When writing out the entries below, keep only the lines from the line with "الفرع الرابع في" to the line with "Гибкая светодиодная лента", both included, exactly as they are, and leave the pictures aside.

[Saved entries]
-------

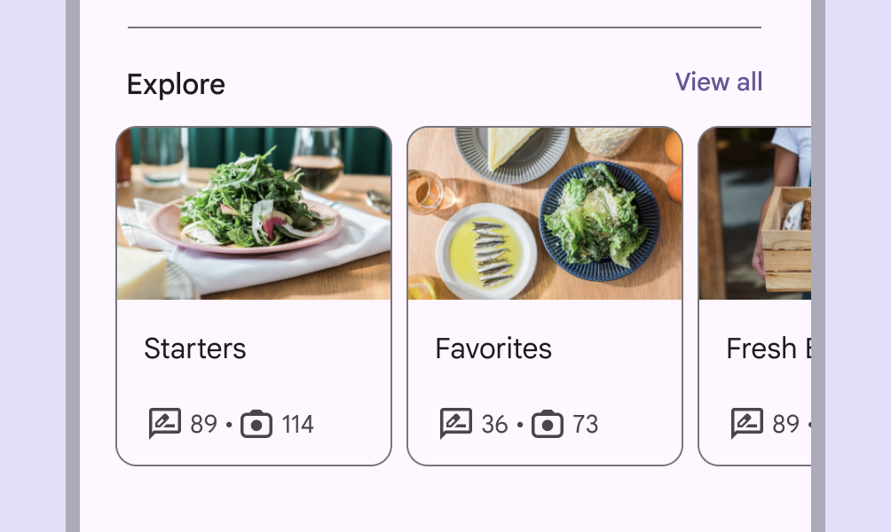 使用表面角色來設定更中性的背景,併為卡片、表單和對話方塊等元件設定容器顏色。
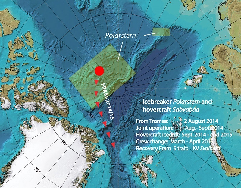 Ekspedycja o kryptonimie „FRAM 2014/15” zaczęła się w sierpniu 2014 roku. Poduszkowiec, któremu nadano imię „Sabvabaa” (w języku Inuitów oznacza „zwinnie poruszający się nad nim”) przez ponad miesiąc współpracował z lodołamaczem Instytutu Wegenera „Polarstern” w badaniach w środkowej części Morza Arktycznego (Fig. 8.). We wrześniu na grubym polu lodowym o rozmiarach około 300 x 300 m została zbudowana stacja dryfująca – z brył lodowych zbudowano hangar dla poduszkowca i miejsce do pobierania prób z dna morskiego oraz zmontowano aparaturę badawczą (Fig. 7.). Załogę stacji stanowią emerytowany profesor Uniwersytetu w Bergen Yngve Kristoffersen i Audun Tholfsen. Zamieszkują oni we wnętrzu poduszkowca (Fig. 9–11.). Wymiana załogi ma nastąpić w lutym lub marcu bieżącego roku. Czas pracy stacji planowany jest do końca 2015 roku.
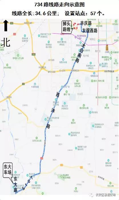 734路(西北工业大学长安校区——草阳村),该线路全长34.6公里,设置站点57个。配备30辆大型空调新型能源公共汽车。
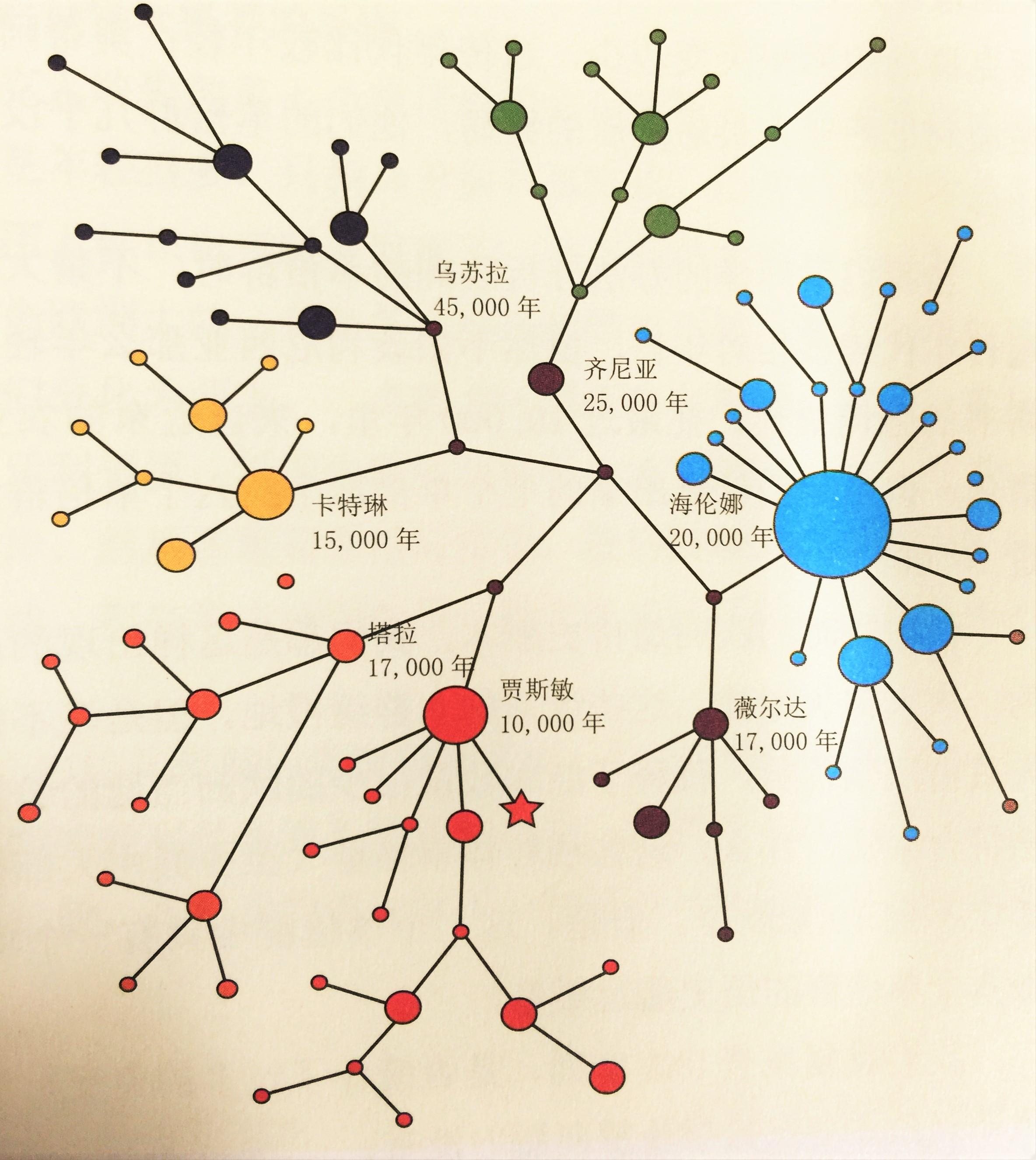 1. 这是欧亚Y染色体谱系,就像一个大的family tree,红色数字代表多少千年前;
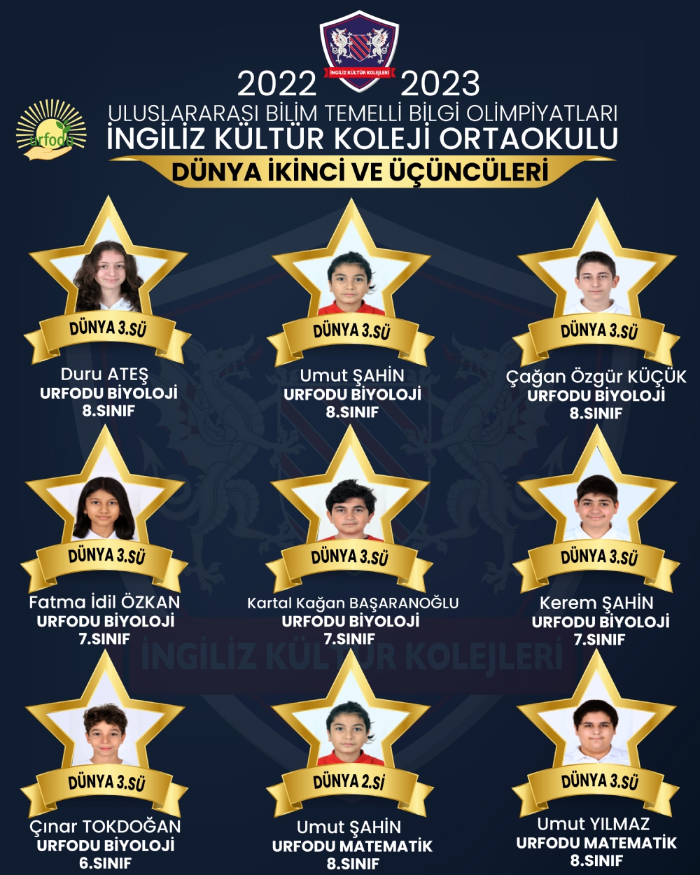 Batıkent Ingiliz Kültür Koleji Ortaokulu olarak kültürler arası etkileşimi geliştirmek ve zenginleştirmek, öğrencilerin bilgilerini uluslararası platformda değerlendirmek amacıyla URFODU XIX. Uluslararası Bilim Temelleri Bilgi Yarışması’nın Biyoloji ve matematik branşlarından ortaokul öğrencilerimizi hazırlayıp katılım gerçekleştirdik.
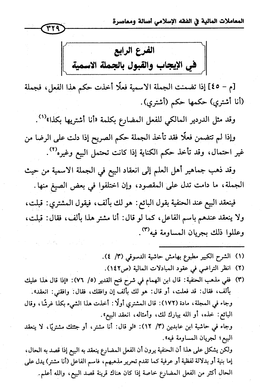 الفرع الرابع في الإيجاب والقبول بالجملة الاسمية
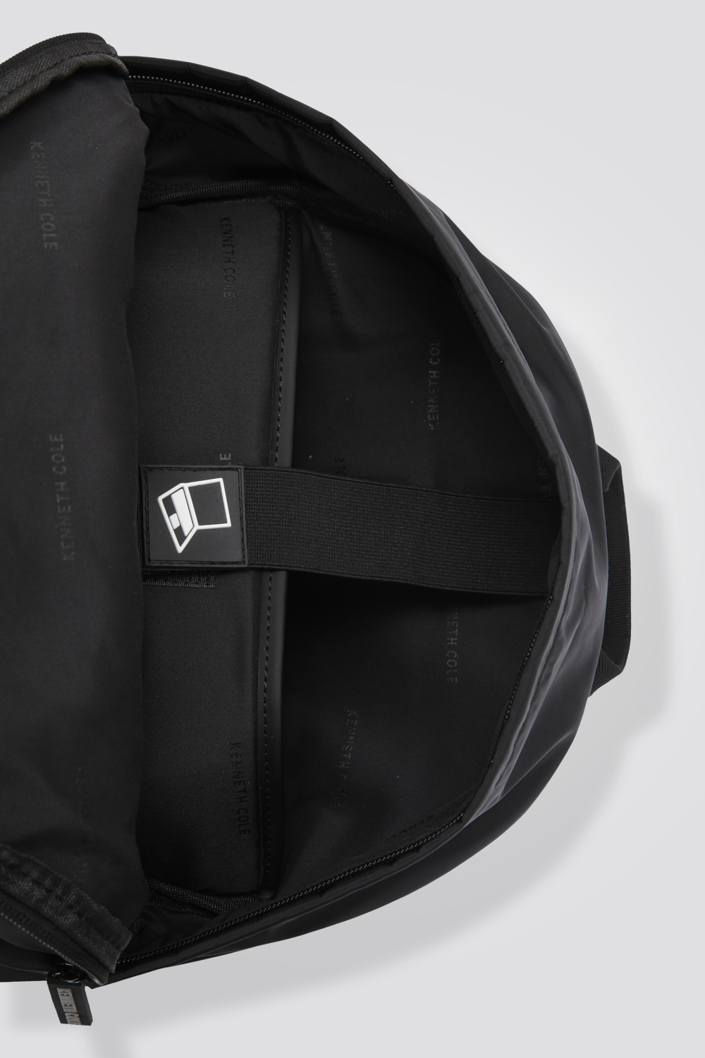 תיק גב מבית המותג KENNETH COLE, בצבע שחור, עם תא ראשי שבתוכו תא ללפטופ וסגירת רוכסן, ועוד תא חיצוני קטן וסגירת רוכסן, שני רצועות גב ולוגו המותג.
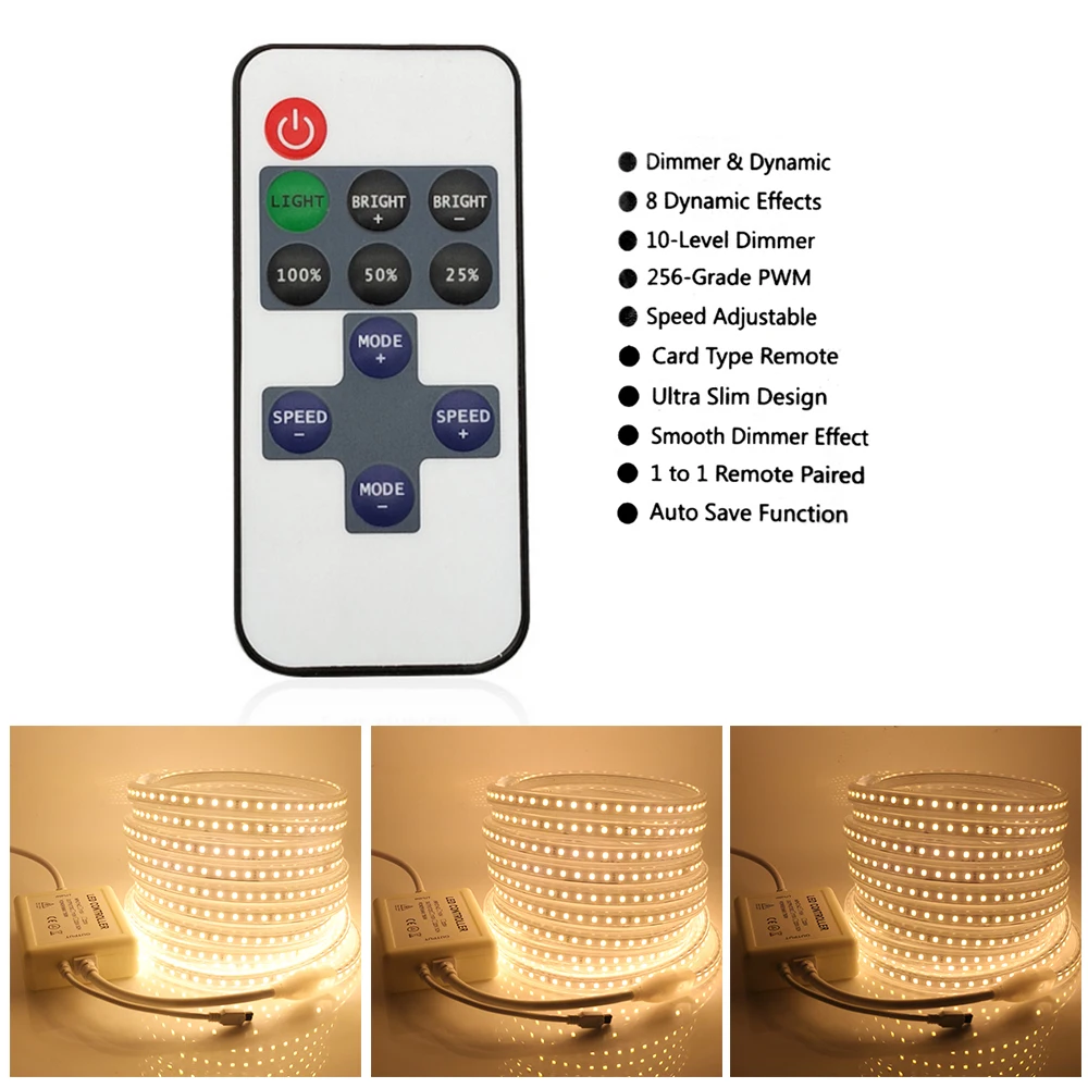 Гибкая светодиодная лента с регулируемой яркостью, 110 В, 220 В, SMD2835, 11 кнопок
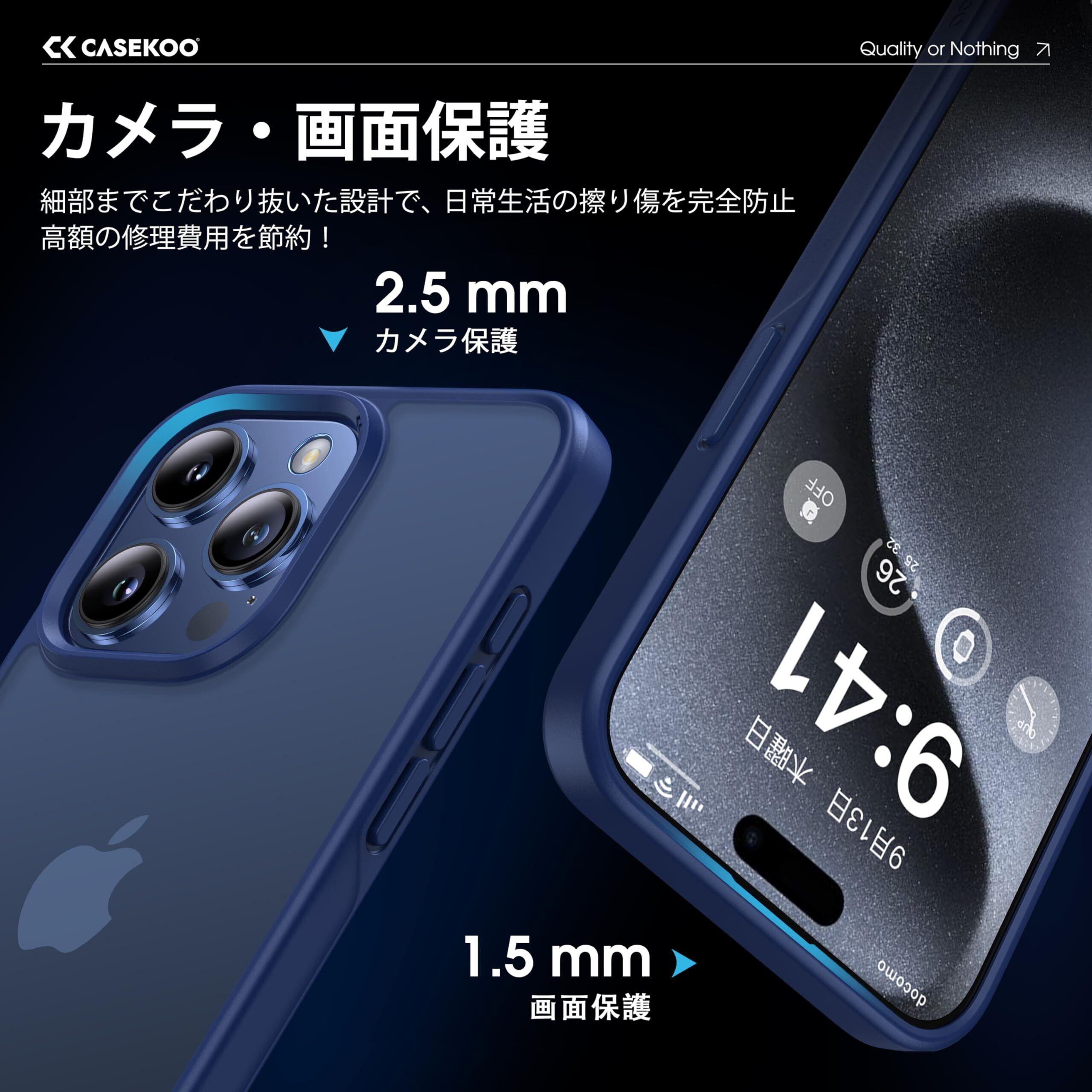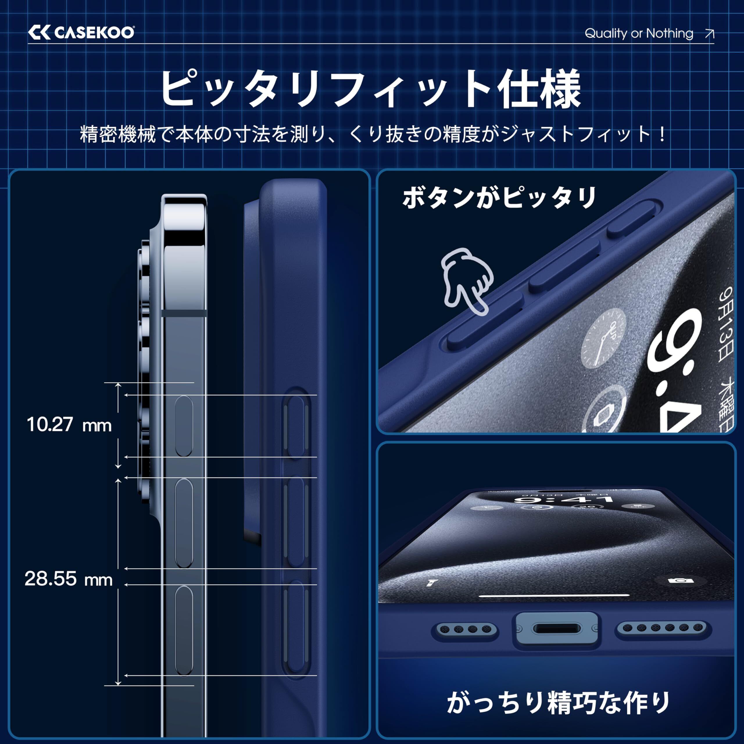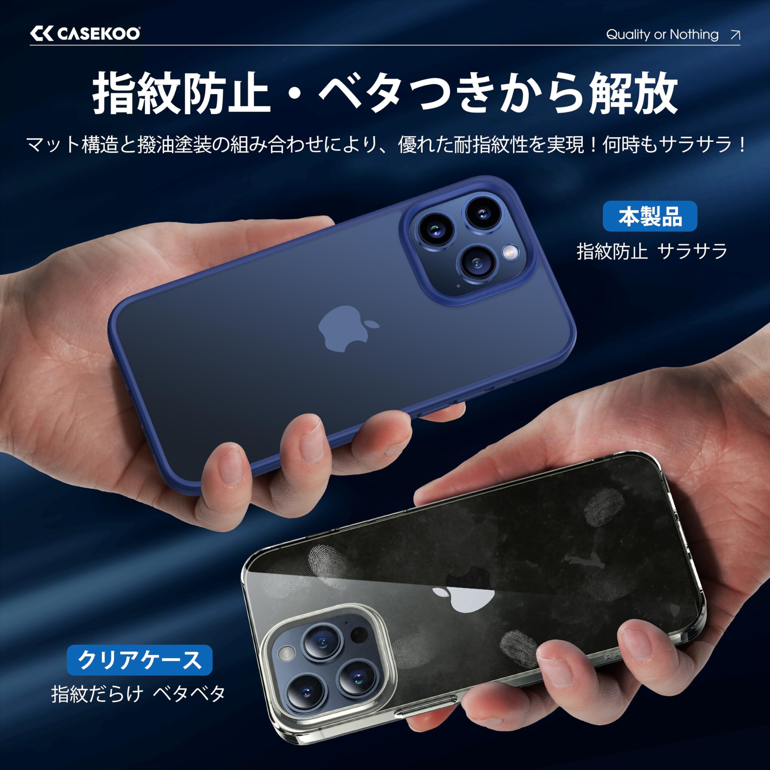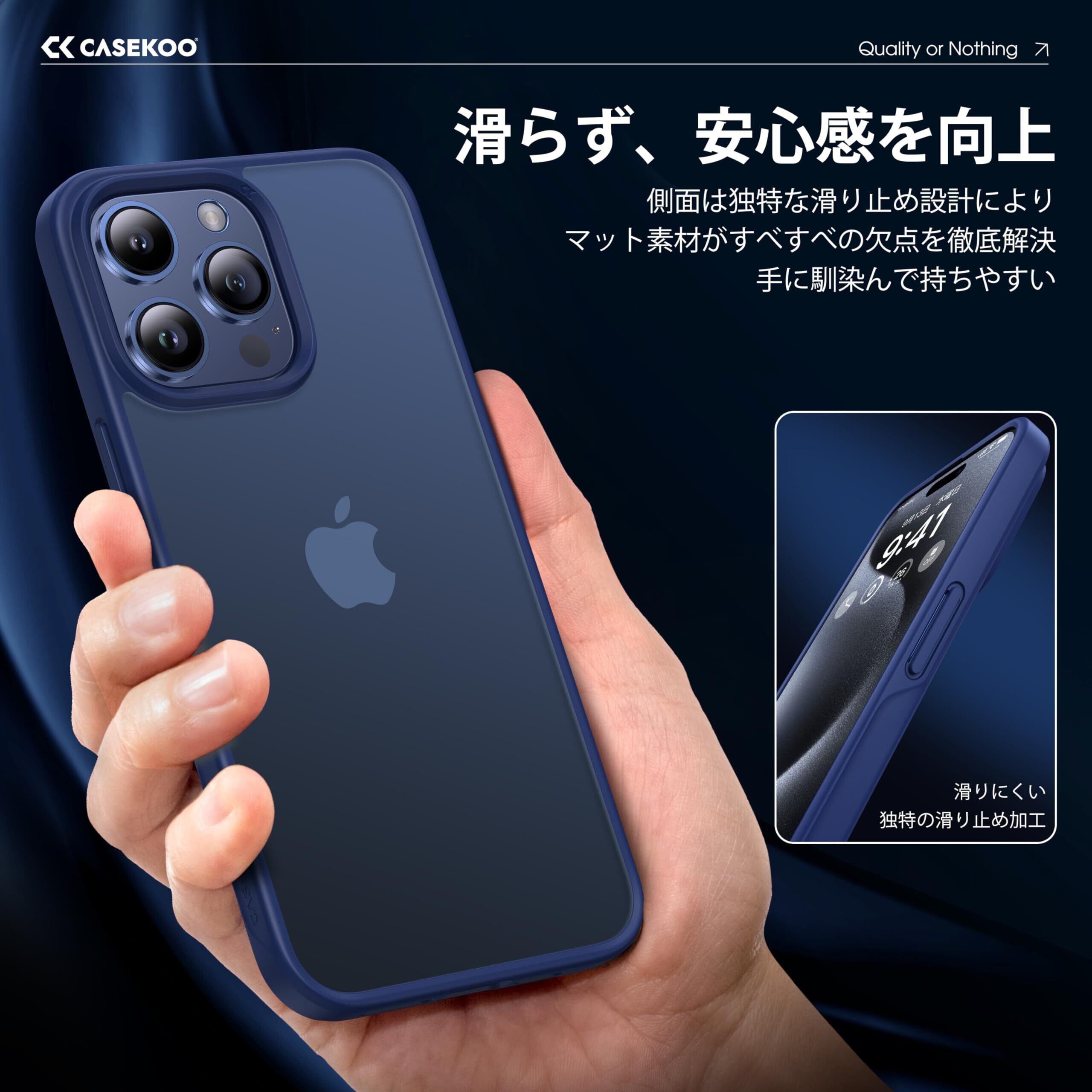 【米軍MIL規格・指紋防止】CASEKOO iPhone 15 Pro 用 ケース 耐衝撃 滑り止め 指紋防止 米軍MIL規格 マット仕上げ ストラップホール付き 黄変防止 耐久性 カバー ワイヤレス充電対応 アイフォン 15 プロ 用 6.1 インチ ケース(マットブルー)

-------

Response to this exercise:
 الفرع الرابع في الإيجاب والقبول بالجملة الاسمية
 תיק גב מבית המותג KENNETH COLE, בצבע שחור, עם תא ראשי שבתוכו תא ללפטופ וסגירת רוכסן, ועוד תא חיצוני קטן וסגירת רוכסן, שני רצועות גב ולוגו המותג.
 Гибкая светодиодная лента с регулируемой яркостью, 110 В, 220 В, SMD2835, 11 кнопок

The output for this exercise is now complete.